EXERCISE INPUTS:
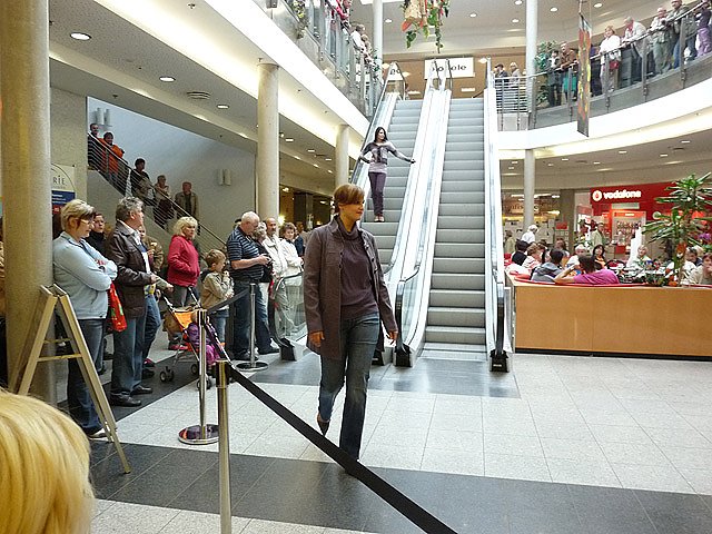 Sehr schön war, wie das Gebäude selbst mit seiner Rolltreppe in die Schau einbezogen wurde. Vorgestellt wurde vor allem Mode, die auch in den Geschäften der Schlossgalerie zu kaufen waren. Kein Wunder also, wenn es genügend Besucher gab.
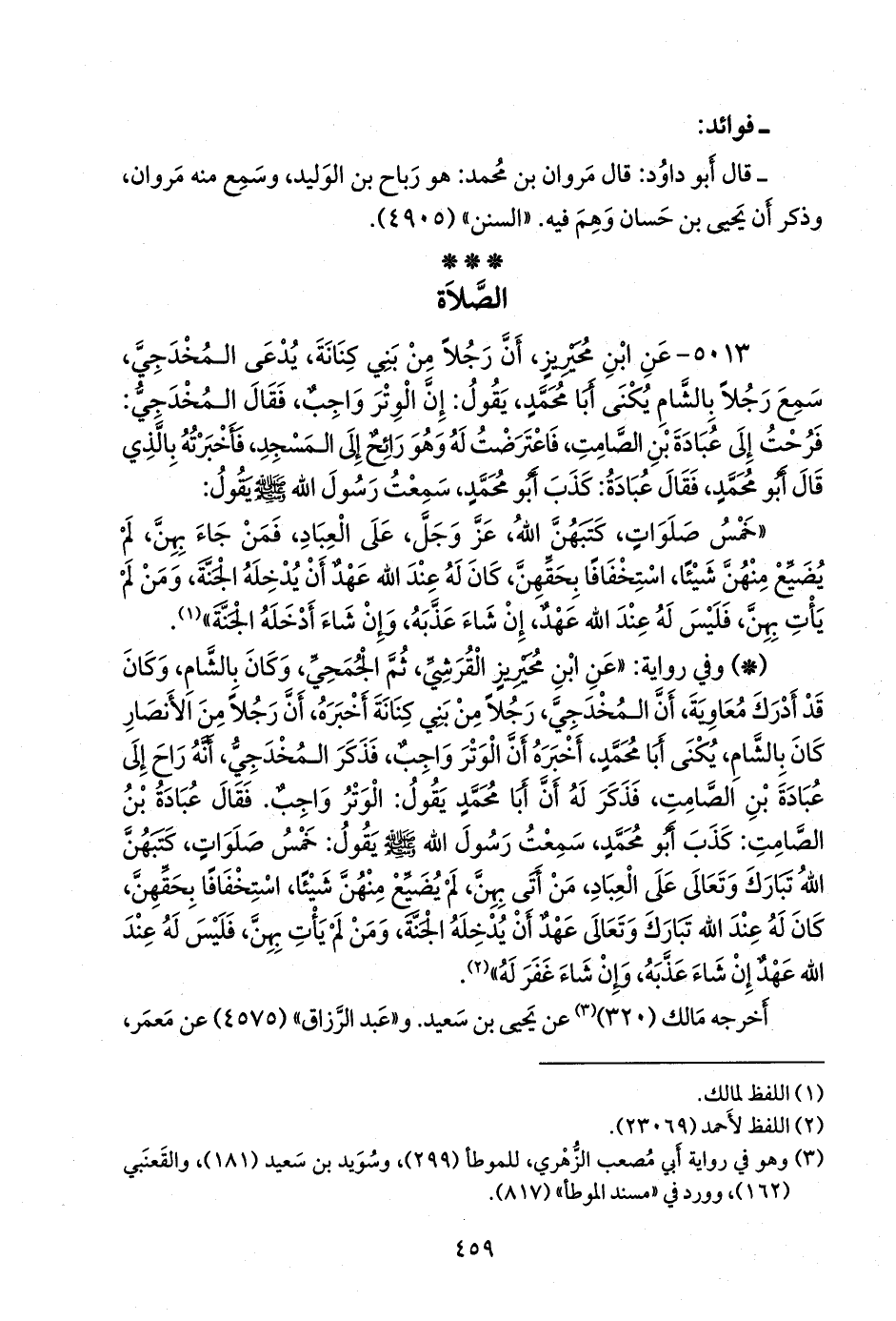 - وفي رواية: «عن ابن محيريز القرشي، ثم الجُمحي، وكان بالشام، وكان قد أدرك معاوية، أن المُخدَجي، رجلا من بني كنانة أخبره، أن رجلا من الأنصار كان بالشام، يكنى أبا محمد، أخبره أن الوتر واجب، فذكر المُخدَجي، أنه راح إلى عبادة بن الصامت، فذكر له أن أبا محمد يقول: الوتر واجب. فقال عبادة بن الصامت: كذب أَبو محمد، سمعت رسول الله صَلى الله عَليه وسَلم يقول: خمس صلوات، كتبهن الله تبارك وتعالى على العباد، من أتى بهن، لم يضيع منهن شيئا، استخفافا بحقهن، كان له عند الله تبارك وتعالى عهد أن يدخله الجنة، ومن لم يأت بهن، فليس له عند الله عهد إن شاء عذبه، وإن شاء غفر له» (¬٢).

--

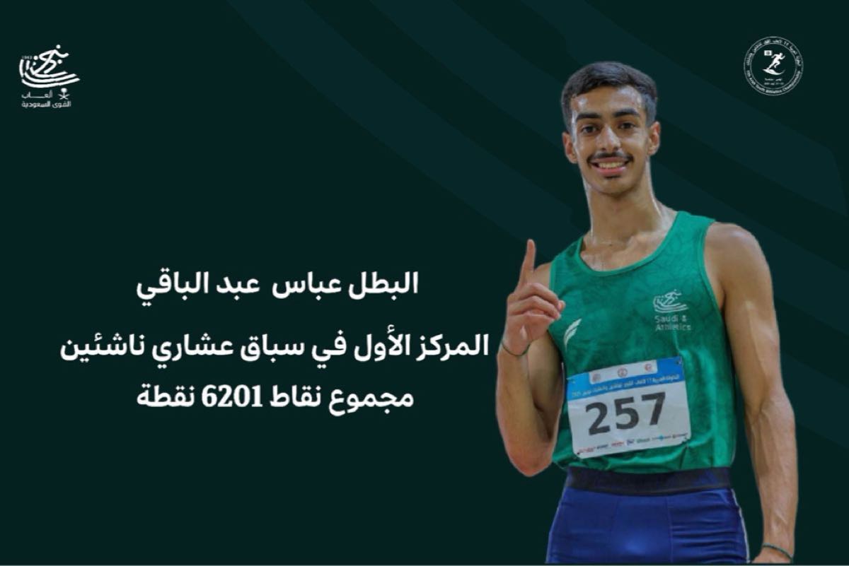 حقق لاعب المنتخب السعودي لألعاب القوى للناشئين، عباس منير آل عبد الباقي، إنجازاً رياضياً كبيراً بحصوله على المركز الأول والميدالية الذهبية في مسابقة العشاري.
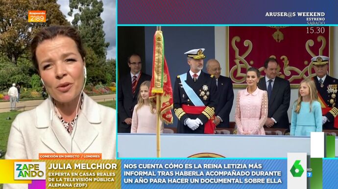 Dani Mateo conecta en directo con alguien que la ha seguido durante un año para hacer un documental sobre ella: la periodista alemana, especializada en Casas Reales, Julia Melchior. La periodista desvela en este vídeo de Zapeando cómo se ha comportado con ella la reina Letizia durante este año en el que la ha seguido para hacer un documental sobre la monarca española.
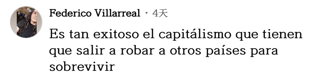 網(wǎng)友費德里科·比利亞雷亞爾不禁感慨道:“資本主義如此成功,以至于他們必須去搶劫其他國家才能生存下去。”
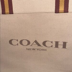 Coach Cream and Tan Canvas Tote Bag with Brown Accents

---

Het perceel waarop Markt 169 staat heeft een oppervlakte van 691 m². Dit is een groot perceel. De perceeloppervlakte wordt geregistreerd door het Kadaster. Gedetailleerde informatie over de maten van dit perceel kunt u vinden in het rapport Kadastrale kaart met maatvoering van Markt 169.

AIM OF THE TASK:
Your output should be the lines above from the one that contains "Sehr schön war, wie" through the one that contains "ابن محيريز القرشي،", word for word, with pictures left out.

EXERCISE RESULT:
 Sehr schön war, wie das Gebäude selbst mit seiner Rolltreppe in die Schau einbezogen wurde. Vorgestellt wurde vor allem Mode, die auch in den Geschäften der Schlossgalerie zu kaufen waren. Kein Wunder also, wenn es genügend Besucher gab.
 - وفي رواية: «عن ابن محيريز القرشي، ثم الجُمحي، وكان بالشام، وكان قد أدرك معاوية، أن المُخدَجي، رجلا من بني كنانة أخبره، أن رجلا من الأنصار كان بالشام، يكنى أبا محمد، أخبره أن الوتر واجب، فذكر المُخدَجي، أنه راح إلى عبادة بن الصامت، فذكر له أن أبا محمد يقول: الوتر واجب. فقال عبادة بن الصامت: كذب أَبو محمد، سمعت رسول الله صَلى الله عَليه وسَلم يقول: خمس صلوات، كتبهن الله تبارك وتعالى على العباد، من أتى بهن، لم يضيع منهن شيئا، استخفافا بحقهن، كان له عند الله تبارك وتعالى عهد أن يدخله الجنة، ومن لم يأت بهن، فليس له عند الله عهد إن شاء عذبه، وإن شاء غفر له» (¬٢).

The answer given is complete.